[What the task asks] Here the job is to repeat the listing exactly, but not the pictures in it.

[Given data]

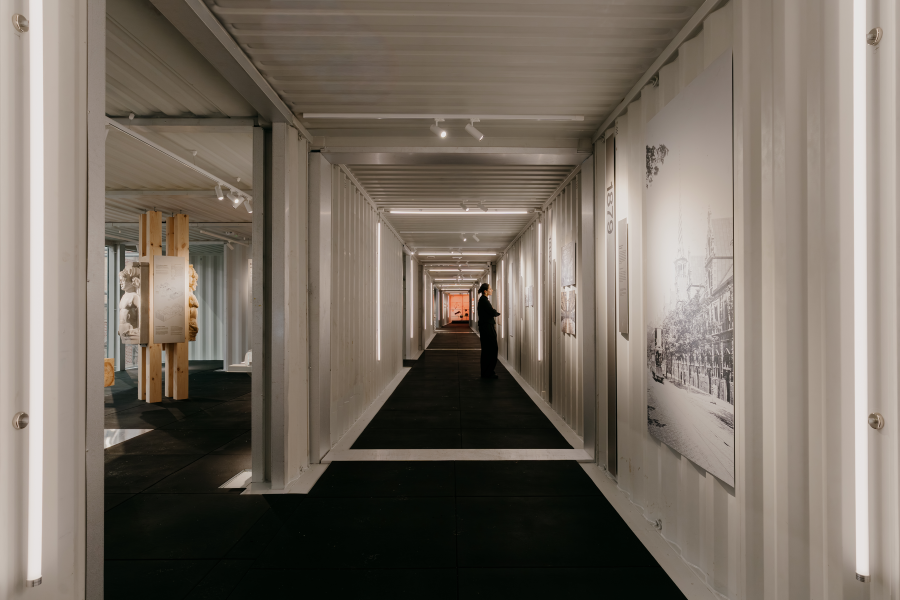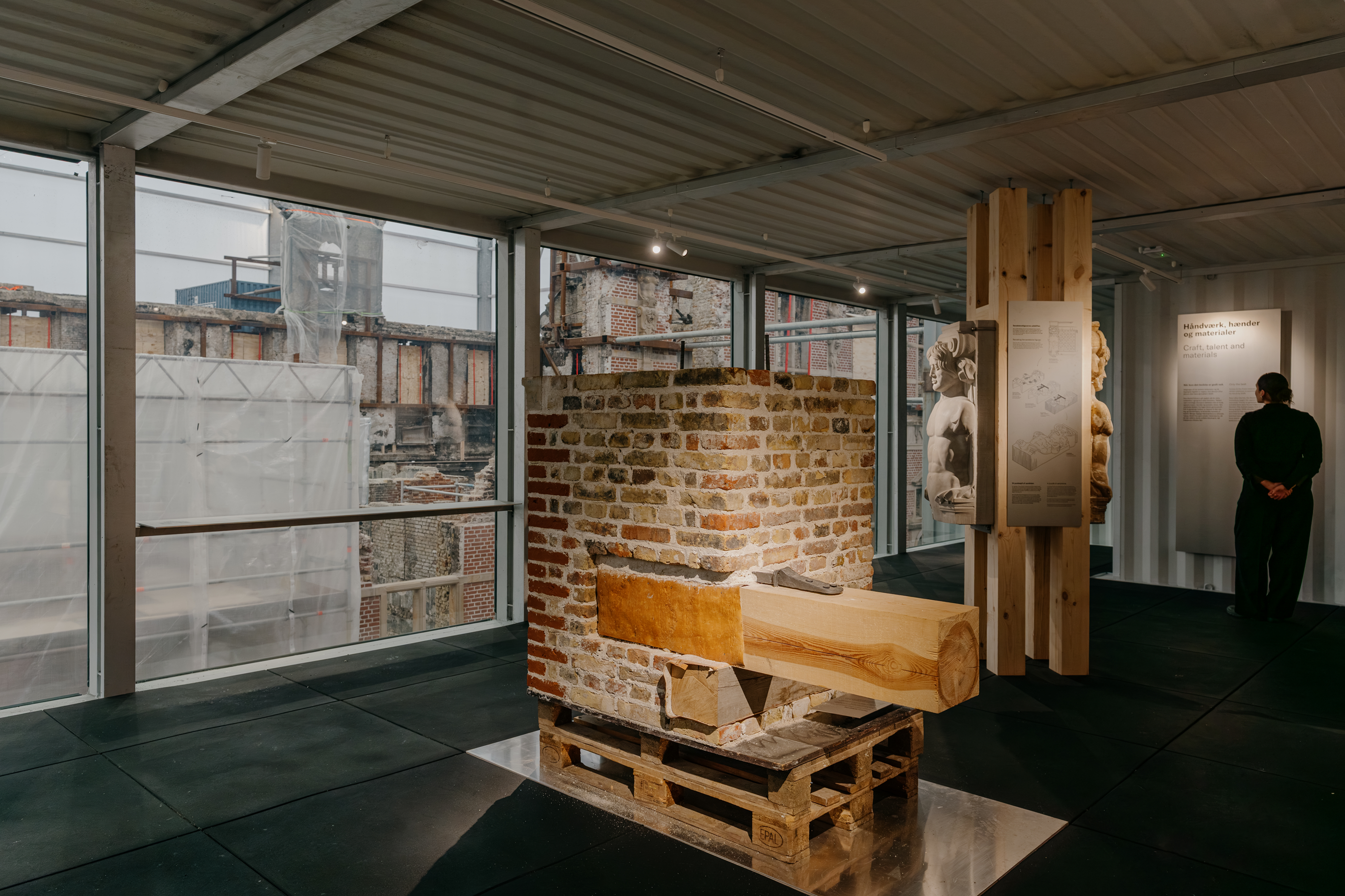 Udstillingen består af et besøgscenter med 15 sammenbyggede containere i første sals højde, der giver et unikt kig ind over byggepladsen. En række fysiske genstande bringes i spil; lige fra nyhuggede sandstensfigurer til 4oo år gamle blykugler. Desuden vises nyt og gammelt kobber, håndstrøgne mursten og store forbrændte fyrretræsbjælker sammen med det første fældede træ, der skal anvendes til genopførelsen.
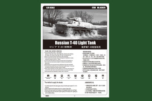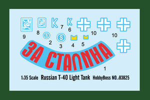 Hobby Boss 83825 1/35 scale Russian T40 Light Tank. This kit includes parts for the assembly of one plastic model kit. The set requires both glue and paint in order to be completed. Paints and glue are not included. For modelers aged 14 and older
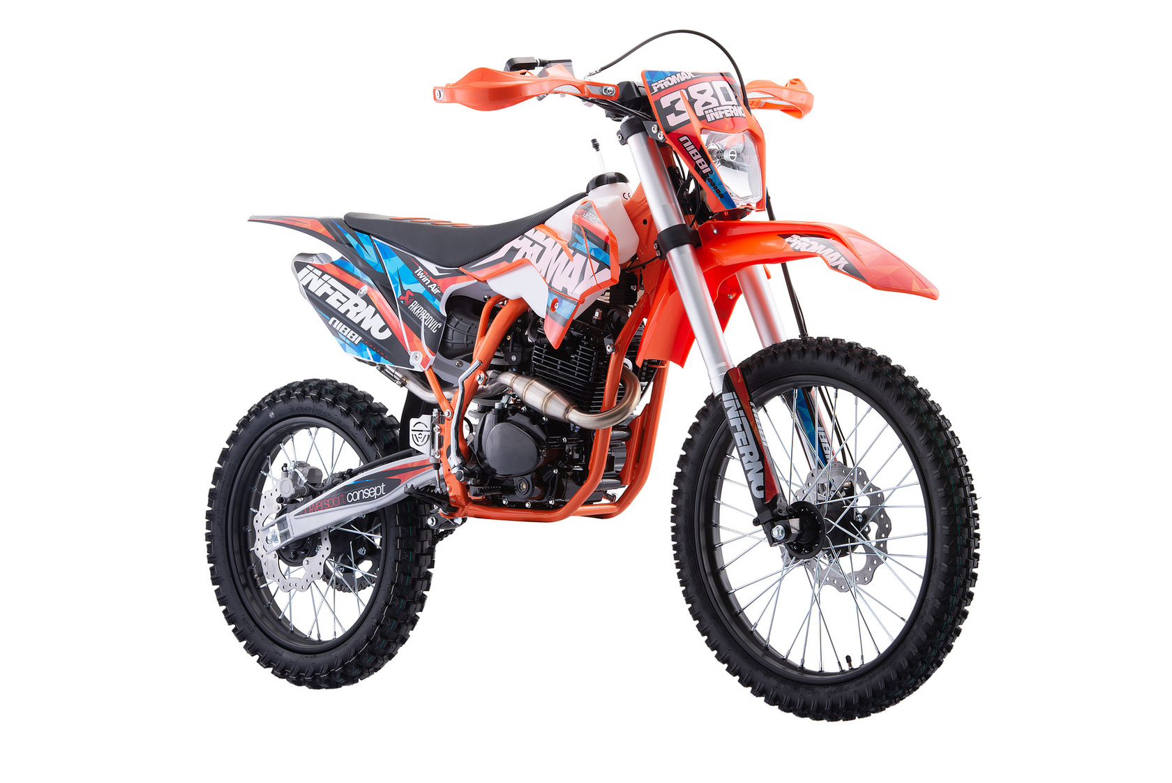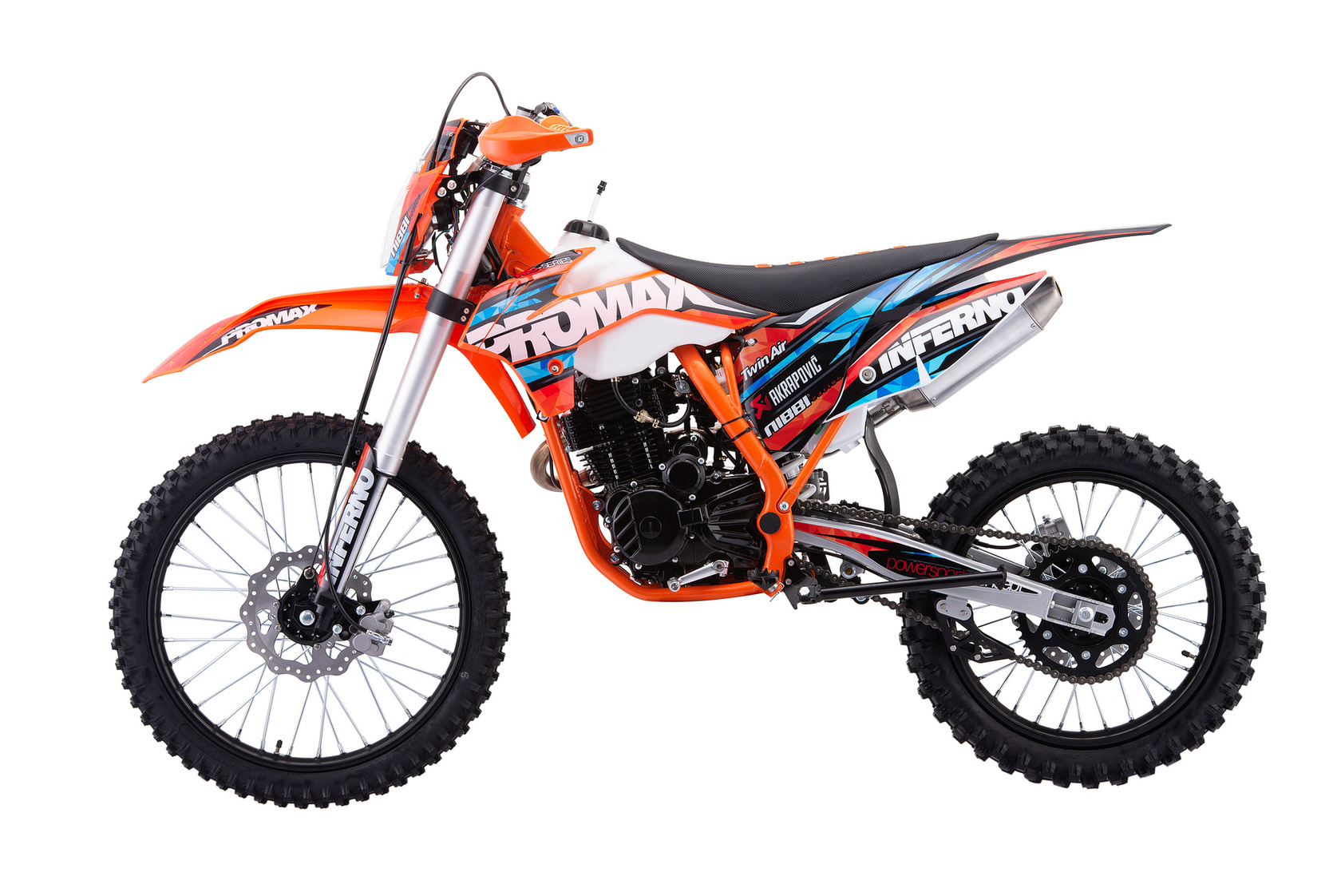 Главная ... Мотоциклы внедорожные Кроссовый мотоцикл PROMAX INFERNO 380 (4 valves, 6 gears) оранжево - черный-синий

[Response for this exercise]
 Udstillingen består af et besøgscenter med 15 sammenbyggede containere i første sals højde, der giver et unikt kig ind over byggepladsen. En række fysiske genstande bringes i spil; lige fra nyhuggede sandstensfigurer til 4oo år gamle blykugler. Desuden vises nyt og gammelt kobber, håndstrøgne mursten og store forbrændte fyrretræsbjælker sammen med det første fældede træ, der skal anvendes til genopførelsen.
 Hobby Boss 83825 1/35 scale Russian T40 Light Tank. This kit includes parts for the assembly of one plastic model kit. The set requires both glue and paint in order to be completed. Paints and glue are not included. For modelers aged 14 and older
 Главная ... Мотоциклы внедорожные Кроссовый мотоцикл PROMAX INFERNO 380 (4 valves, 6 gears) оранжево - черный-синий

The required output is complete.